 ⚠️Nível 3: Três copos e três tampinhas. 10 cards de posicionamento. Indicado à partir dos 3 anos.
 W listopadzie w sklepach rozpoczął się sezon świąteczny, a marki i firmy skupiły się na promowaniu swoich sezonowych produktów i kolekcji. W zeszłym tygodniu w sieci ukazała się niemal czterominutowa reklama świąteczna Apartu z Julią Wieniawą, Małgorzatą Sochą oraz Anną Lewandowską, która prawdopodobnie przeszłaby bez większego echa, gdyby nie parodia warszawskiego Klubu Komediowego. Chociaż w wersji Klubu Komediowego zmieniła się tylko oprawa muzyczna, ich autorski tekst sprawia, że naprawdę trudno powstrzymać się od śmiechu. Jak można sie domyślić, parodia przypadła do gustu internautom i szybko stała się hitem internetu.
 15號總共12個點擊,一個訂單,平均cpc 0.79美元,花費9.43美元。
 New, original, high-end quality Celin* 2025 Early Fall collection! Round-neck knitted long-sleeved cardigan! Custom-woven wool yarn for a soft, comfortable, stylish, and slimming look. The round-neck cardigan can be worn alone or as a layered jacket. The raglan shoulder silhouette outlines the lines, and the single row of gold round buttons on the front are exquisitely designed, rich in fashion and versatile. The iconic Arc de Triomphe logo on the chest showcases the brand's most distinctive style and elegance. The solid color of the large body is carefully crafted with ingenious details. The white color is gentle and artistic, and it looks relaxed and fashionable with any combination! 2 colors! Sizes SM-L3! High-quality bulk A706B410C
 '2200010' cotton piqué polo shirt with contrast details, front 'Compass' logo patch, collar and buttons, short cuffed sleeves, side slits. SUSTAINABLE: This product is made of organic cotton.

* * *

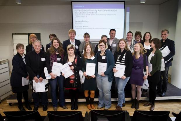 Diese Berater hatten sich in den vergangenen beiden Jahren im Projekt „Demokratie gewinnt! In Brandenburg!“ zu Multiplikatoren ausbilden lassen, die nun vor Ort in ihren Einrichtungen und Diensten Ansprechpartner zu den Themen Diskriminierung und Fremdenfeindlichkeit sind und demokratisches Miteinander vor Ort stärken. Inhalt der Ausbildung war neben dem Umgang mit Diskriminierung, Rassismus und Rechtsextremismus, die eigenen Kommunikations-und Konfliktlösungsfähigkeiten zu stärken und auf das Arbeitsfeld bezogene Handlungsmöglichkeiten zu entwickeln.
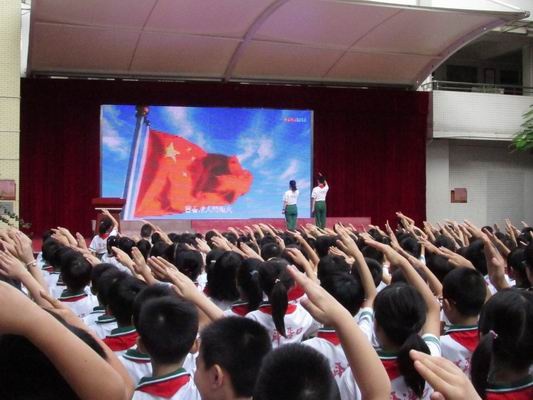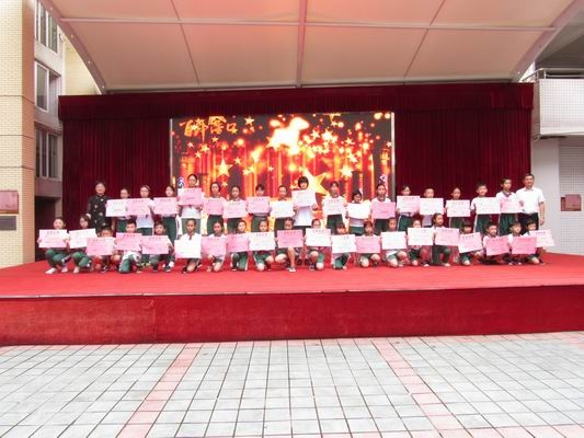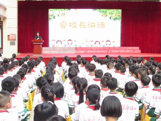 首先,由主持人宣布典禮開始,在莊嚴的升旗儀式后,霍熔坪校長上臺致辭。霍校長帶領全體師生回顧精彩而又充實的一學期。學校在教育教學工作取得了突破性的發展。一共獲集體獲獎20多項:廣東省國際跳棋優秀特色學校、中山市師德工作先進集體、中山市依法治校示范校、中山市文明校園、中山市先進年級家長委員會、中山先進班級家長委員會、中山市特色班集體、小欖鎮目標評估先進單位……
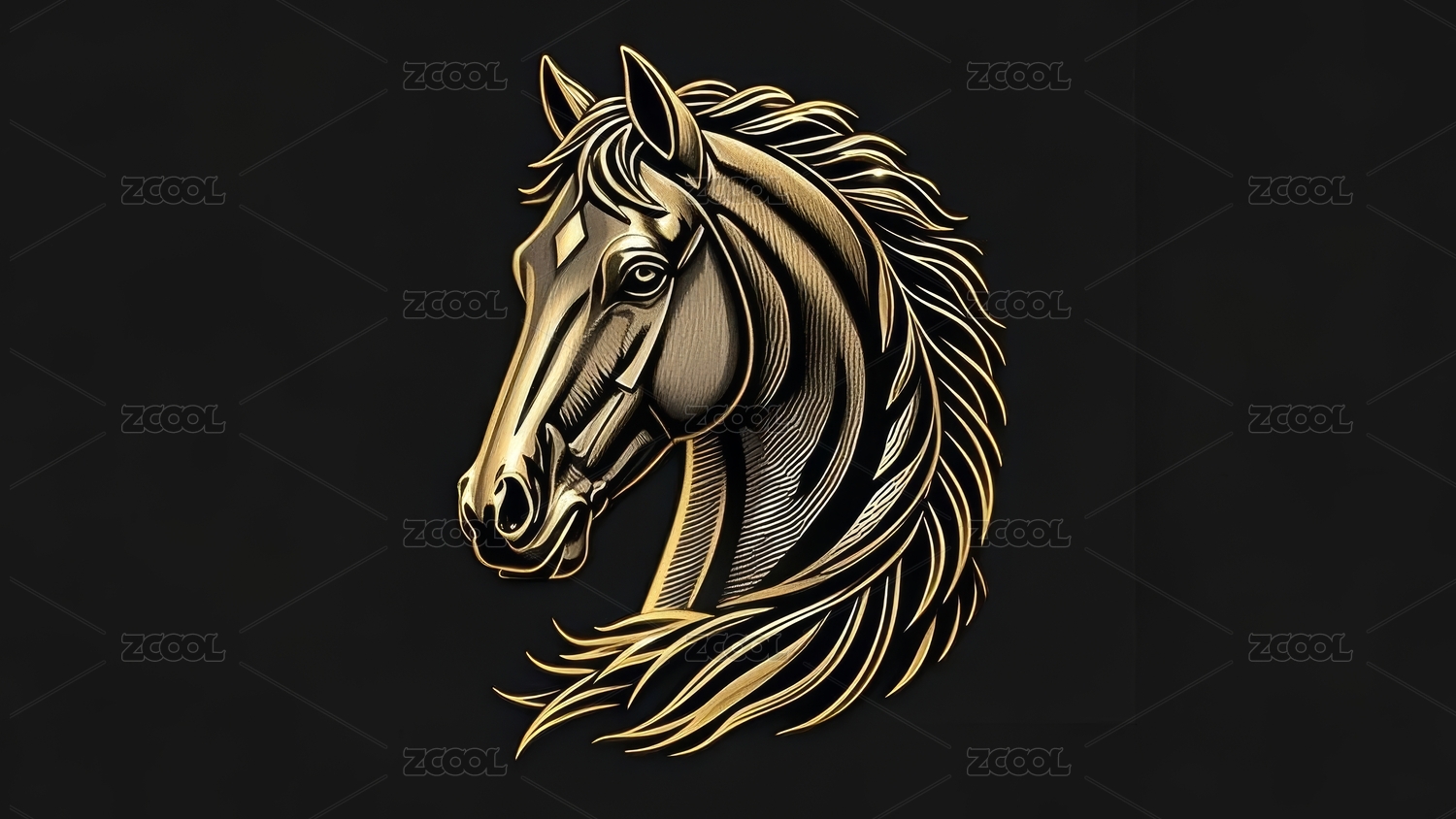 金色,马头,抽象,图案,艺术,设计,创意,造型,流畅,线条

- **TASK GOAL**
The answer is those lines of the material above that run from the one containing "首先,由主持人宣布典禮開始,在莊嚴的升旗" up to and including the one containing "金色,马头,抽象,图案,艺术,设计,创意,造型,流畅,线条", restated exactly and without images.

- **SOLUTION**
 首先,由主持人宣布典禮開始,在莊嚴的升旗儀式后,霍熔坪校長上臺致辭。霍校長帶領全體師生回顧精彩而又充實的一學期。學校在教育教學工作取得了突破性的發展。一共獲集體獲獎20多項:廣東省國際跳棋優秀特色學校、中山市師德工作先進集體、中山市依法治校示范校、中山市文明校園、中山市先進年級家長委員會、中山先進班級家長委員會、中山市特色班集體、小欖鎮目標評估先進單位……
 金色,马头,抽象,图案,艺术,设计,创意,造型,流畅,线条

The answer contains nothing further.